◆ **Your instructions**:
Could you write out every record below exactly, leaving out any pictures?

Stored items
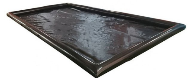
Water containment mats with berms are effective catchment systems for vehicle wash water. Several options are available for purchase online.
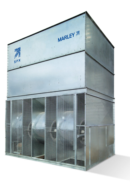
Forced-draft cooling tower – factory-assembled (FAP) counterflow cooling tower
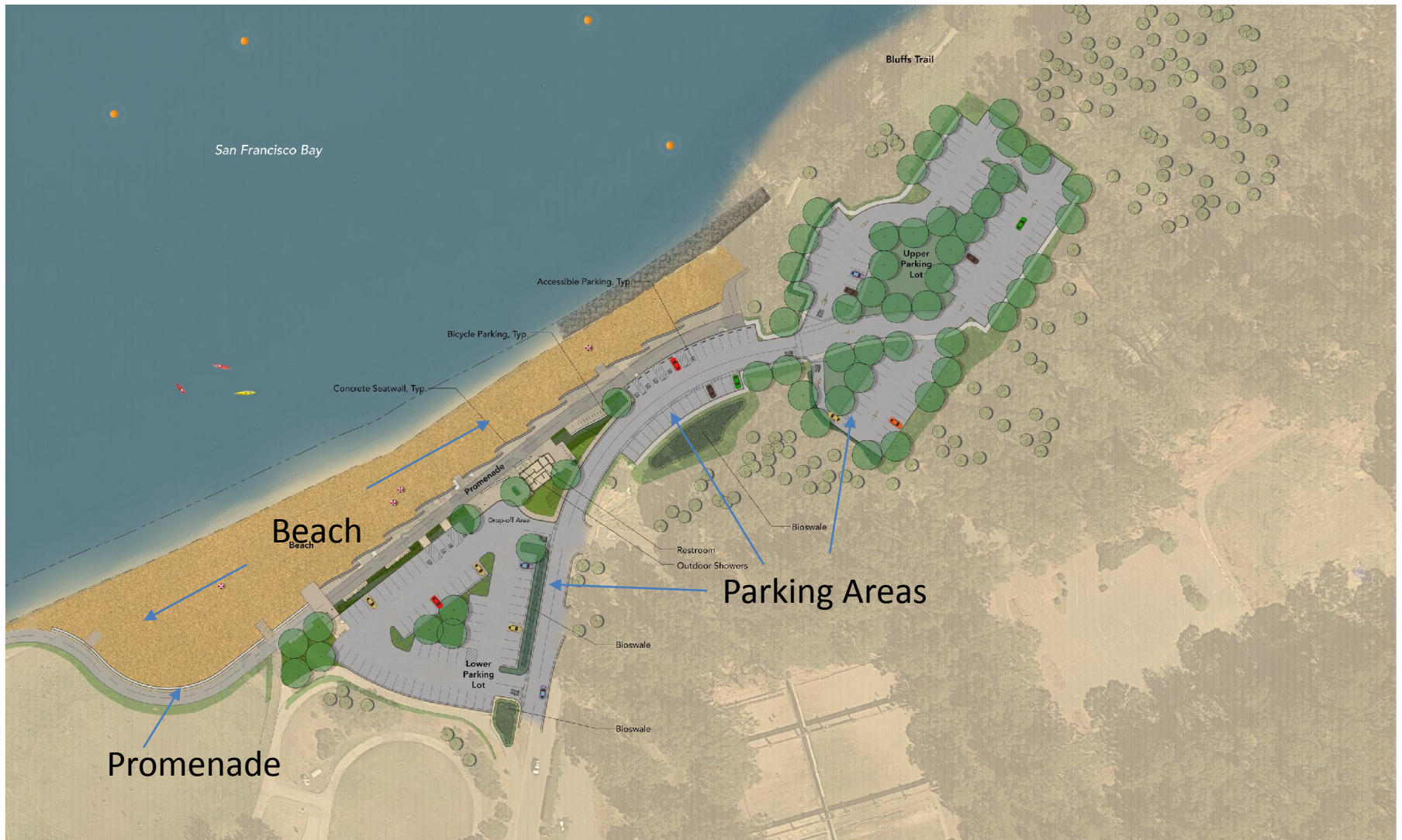
Coyote Point Eastern Promenade - Site Plan
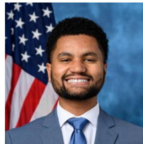
Rep. MAXWELL ALEJANDRO FROST Member-at-Large
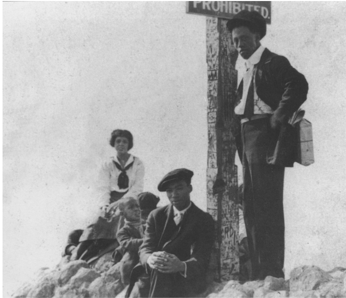
This photograph from the early 1920s shows a disappointed black family at the dividing line banning blacks from the white sections of Santa Monica Beach. 92

To cross racial lines at any beach was to court conflict, arrest, and violent assault. “They made it miserable for you. Sand would get kicked over on your place and all the rest of it.” 89 Santa Monica banned dance halls and blocked a proposed black resort near the Inkwell in the early 1920s. 90 In 1937, a man impersonating a sheriff’s deputy ordered black visitors to leave Pacific Palisades. When the black folks refused, the “officer” threatened violence but ultimately left. 91
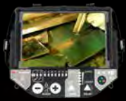
G5-03VC (Part No. 637730) - 73×109mm Viewing Area - Shades 3/5, 8-14 - Variable Colour & TAP Technology $1,600 ex GST
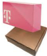
DIE CUT BOXES
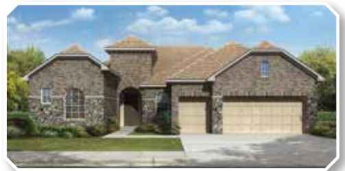
Exterior Design D
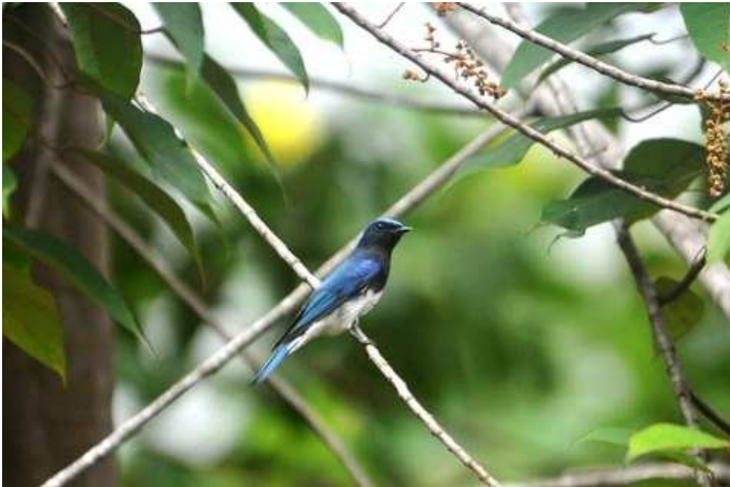
Male Blue-and-white Flycatcher at Bukit Batok Nature Park on 12 Nov by Wing Chong

1 male was seen at BBNP on 12/11 (WC). Another individual, possibly the same bird was seen at BBNP on 18/11 (LKS), 21/11 (AOY) and 27/11 (SY). Single first winter males were seen at Kent Ridge Park and Venus Drive respectively on 23/11 (SWS).
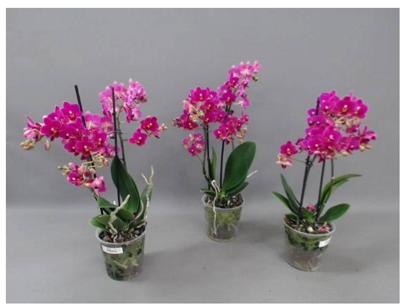
663. Consumer simulation day number 0
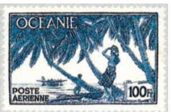
Fig. 45: 1944 Vichy government air post stamp, never put on sale in FOS (Sc. C18)

◆ **Output of the exercise**:
Water containment mats with berms are effective catchment systems for vehicle wash water. Several options are available for purchase online.
Forced-draft cooling tower – factory-assembled (FAP) counterflow cooling tower
Coyote Point Eastern Promenade - Site Plan
Rep. MAXWELL ALEJANDRO FROST Member-at-Large
This photograph from the early 1920s shows a disappointed black family at the dividing line banning blacks from the white sections of Santa Monica Beach. 92

To cross racial lines at any beach was to court conflict, arrest, and violent assault. “They made it miserable for you. Sand would get kicked over on your place and all the rest of it.” 89 Santa Monica banned dance halls and blocked a proposed black resort near the Inkwell in the early 1920s. 90 In 1937, a man impersonating a sheriff’s deputy ordered black visitors to leave Pacific Palisades. When the black folks refused, the “officer” threatened violence but ultimately left. 91
G5-03VC (Part No. 637730) - 73×109mm Viewing Area - Shades 3/5, 8-14 - Variable Colour & TAP Technology $1,600 ex GST
DIE CUT BOXES
Exterior Design D
Male Blue-and-white Flycatcher at Bukit Batok Nature Park on 12 Nov by Wing Chong

1 male was seen at BBNP on 12/11 (WC). Another individual, possibly the same bird was seen at BBNP on 18/11 (LKS), 21/11 (AOY) and 27/11 (SY). Single first winter males were seen at Kent Ridge Park and Venus Drive respectively on 23/11 (SWS).
663. Consumer simulation day number 0
Fig. 45: 1944 Vichy government air post stamp, never put on sale in FOS (Sc. C18)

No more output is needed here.